白日劳累了一整日,大半宿没合眼,更是忙着给人接生,言修聿此时是筋疲力尽了,她勉强睁开眼,撑起身子去瞧了瞧产妇的下身,再给她把了次脉,理好思绪跟那汉子说医嘱:“你娘子生产前身子就康健,生产时受了罪,身子也留了点伤,往后少要她下地干活,注意少让身子碰脏东西,这些日子我开两幅药煎着吃。妇人生产后就是要仔细养着,可不能懈怠了。”
“明白明白,多谢大夫,姑娘大恩大德,我和娘子永世难忘。”汉子连胜道谢。
言修聿淡然道:“你顾好家中的娘子和孩子便够了,无需如此多礼。”
虽是如此说,言修聿走前,那汉子还是给她拾掇了半只鸭子、两斤猪肉和一筐鸡蛋出来,叫她带着回去煮了吃。
言修聿来时为了走得快些,只带了一个药箱,她也不缺吃喝,回去路上不愿带上这些累赘。
本想开口回绝,瞧见汉子满怀期待的模样,到嘴边的话又咽了下去,接过鸭肉和猪肉,说道:“鸡蛋我就不拿了,留给娘子和孩子吃吧,早些把身子养好。”
“借大夫吉言了。
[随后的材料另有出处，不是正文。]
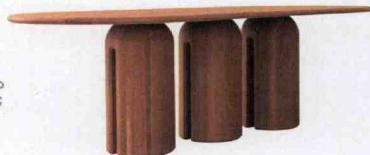
Oco dining table by JORGE ARTURO IBARRA for LUTECA ; luteca.com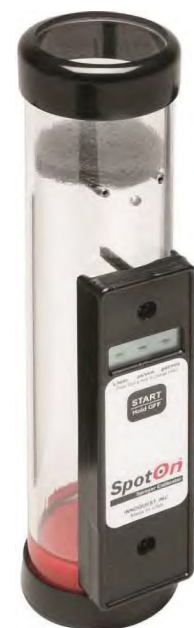
Figure 4. Electronic calibrator used to measure the flow rate from a nozzle tip.

”
来时是汉子领着言修聿来的,此时天色漆黑,家家户户都在安眠,汉子家里新添了孩子,必然有许多事要忙,言修聿怎好叫她领自己回去,便依照记忆和旁人的指引,自己找到了回客栈的路。
回到客栈时天色已经有一两分亮了,进去后李老板在一楼候着,见她回来松了一口气,说道:“姑娘出门怎的不同我只会一声,回来路上也好叫人接应。”
“昨夜事态紧急,你怎的出来了?”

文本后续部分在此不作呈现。